I never wanted to do this to my son and neither did my ex. So our mutual vision statement was clear—every single decision we made would be based on what's best for our son. If it didn’t fit that mold, it was thrown out.
Ask yourself what you really want. Tap into your higher self. Do you really want to make your ex miserable, or do you really want to make this as easy as possible for your children? Which is more important to you?
I’m not saying it’s easy, but I am saying that it’s right.
Step 4 - Create something new
There is a popular line separating parents use when talking to their children about separation and divorce. It’s become very trendy to say to our children, “We’ll still be a family, just a different kind of family.” Then we go on to list all the different kinds of families out there, from families with one mom or two dads to families that live together and finally those that live apart.

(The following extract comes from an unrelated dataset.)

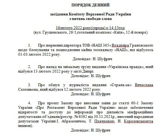 Кроме этого, на заседании комитета  рассмотрят вопрос блокировки телеканала "НАШ", против которого СНБО ввёл санкции, а также обсудят нападение на съёмочную группу "Украинской правды" в Днепре.

I am all for this narrative, as long as it’s the truth. I’ve watched friends say this to their children and then act as anything but a family. I’ve watched friends tell their two year olds that they’ll always be a family and then scream, hurl insults and phones, break furniture, take down every picture in the house that shows them as a family and cause complete destruction right in front of their children's watchful eyes. Given that that’s the kind of family they grew up in, it’s not really surprising, however it is horribly destructive and given some really hard work, it is avoidable.

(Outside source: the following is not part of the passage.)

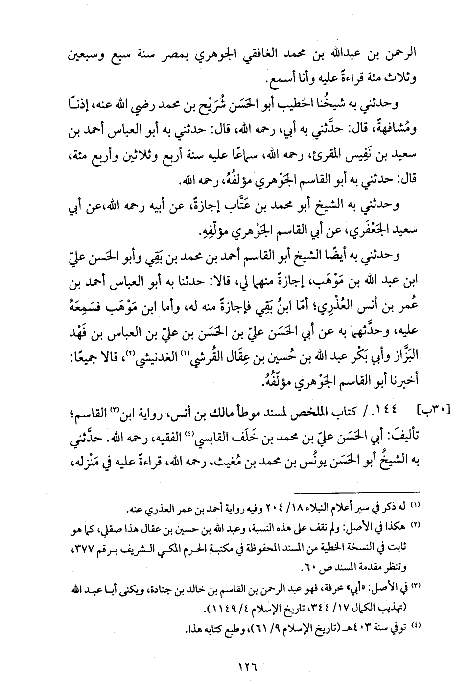 144. / كتاب الملخص لمسند موطأ مالك بن أنس، رواية ابن (¬3) القاسم؛

And so my final step in this process is about envisioning what it is you want to create next with your ex. What kind of family do you want to be? Early on, my ex and I chose, consciously, to be the kind of family that had holidays together, had a somewhat seamless relationship, had keys to each other’s houses, helped out with each other’s animals and communicated daily about our son. Over time, this has shifted—but that’s how we started. This may not work for everyone, and I would never prescribe it, but it did work for us, and helped ease our son into the process of divorce.
So what is it for you? Get really clear on it. Make a list that clearly defines what you want to create. This is about creating something new, so if you had a magic wand, what would you want to create?
Once you’ve created your list, give it to your partner. Now that you’re holding your partner’s list, highlight the things on his or her list that you agree with. Keep your judgment out of it and reach into your compassion-reserve. Be as neutral as possible. Once you’ve each highlighted what you agree upon, write out a new list with only those things on it that you’ve both agreed on. What’s missing? What’s emerging? Are there things you can agree to add? Know that this will ebb and flow over time, so be willing to revisit it together in the future.
This process will help you and your partner (because you are still partners) create something you can agree upon. There will be a lack of resentment and confusion in the future, your kids will be clear on what to expect from their lives with you together-apart and when things come up in your future as parents, you will already know how to deal with them.